──────── DATA PROVIDED ────────

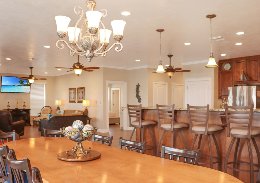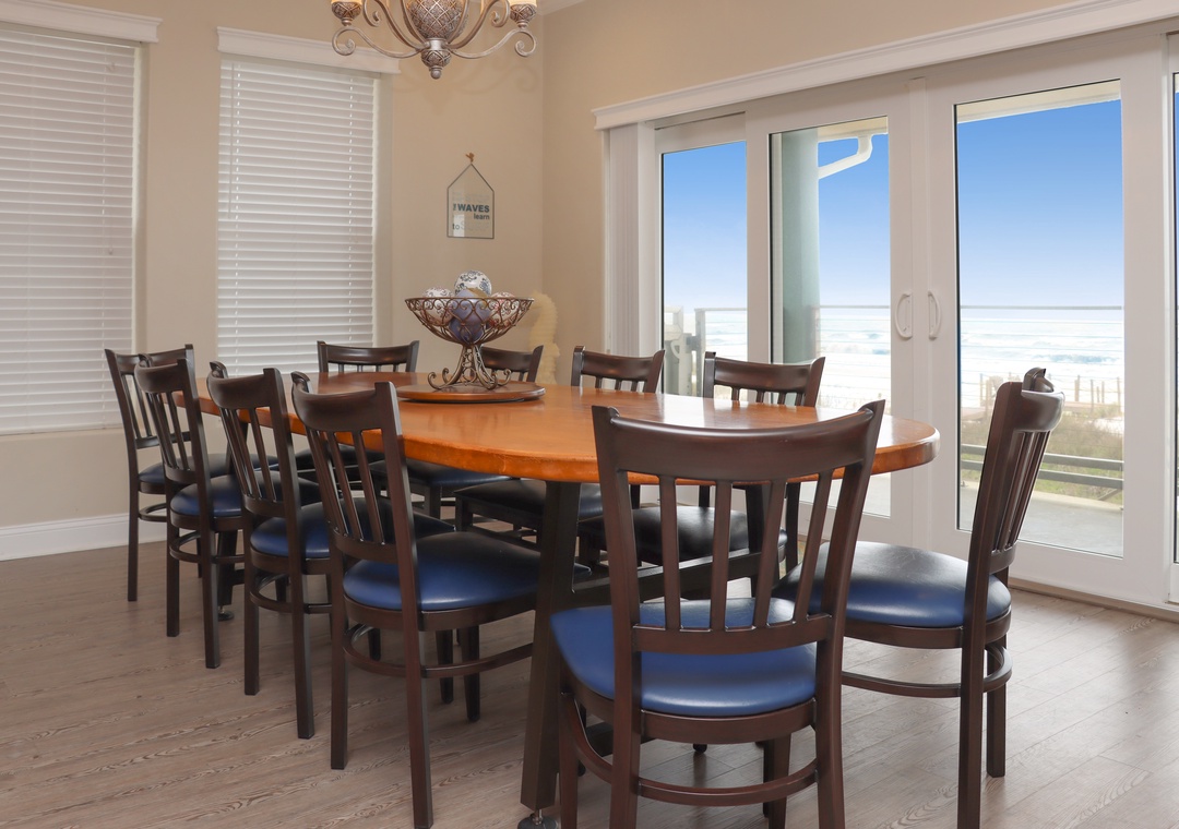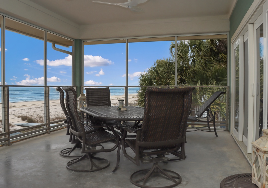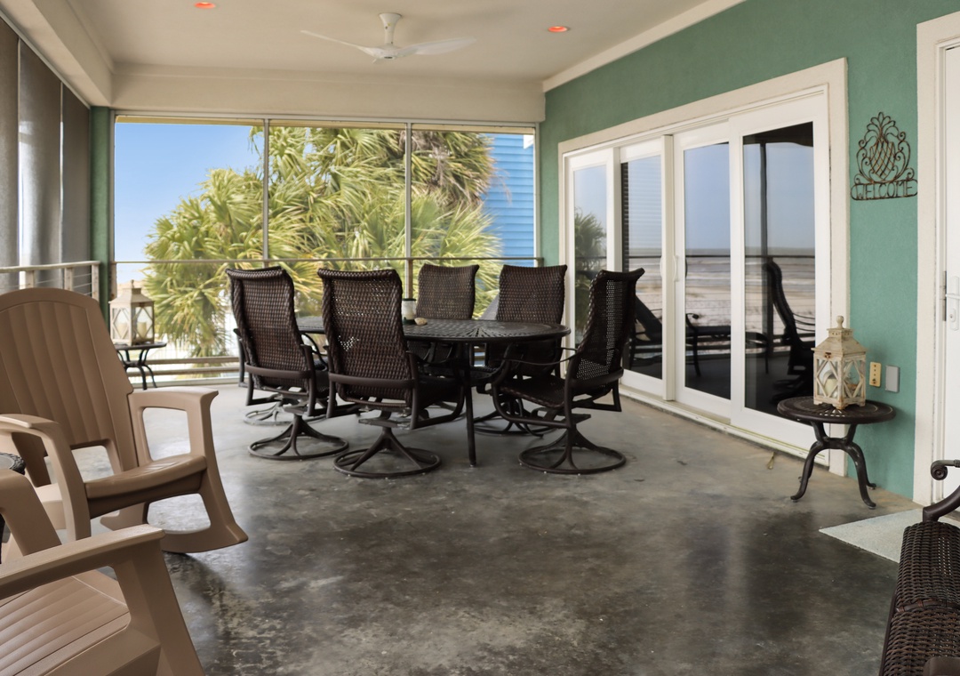 The home's design thoughtfully integrates indoor and outdoor living spaces. On the beach side, a screened deck presents the perfect venue for alfresco dining or simply relishing the coastal ambiance. This outdoor area is furnished with a dining table, allowing guests to enjoy meals with a view. The heart of the home is found on the main level, where a spacious and open living area unfolds. It features a large kitchen equipped with modern amenities, a bar for casual dining or evening cocktails, and a generous dining area, creating an inviting space for socializing and entertainment.
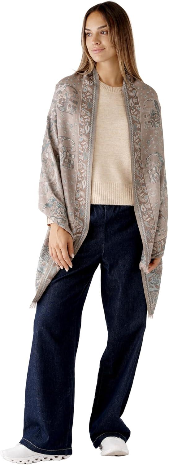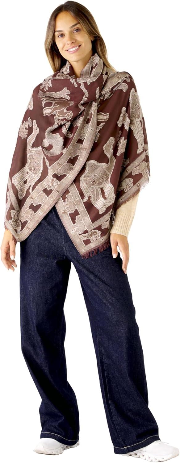 Scarf for Women Spanish Design Elegant Long Shawl Scarves for Summer Fall(Clares Collection – Elephant Design Brown)
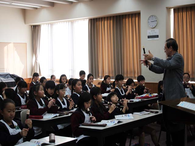 今回は、4年B組(41名)で器楽アンサンブルをすることにしました。

────────

*DESCRIPTION OF THE TASK*
Output nothing but the lines from the one containing "Scarf for Women" to the end of the listing, both ends included, reproduced exactly. Pictures stay out.

*RESPONSE TO THE EXERCISE*
 Scarf for Women Spanish Design Elegant Long Shawl Scarves for Summer Fall(Clares Collection – Elephant Design Brown)
 今回は、4年B組(41名)で器楽アンサンブルをすることにしました。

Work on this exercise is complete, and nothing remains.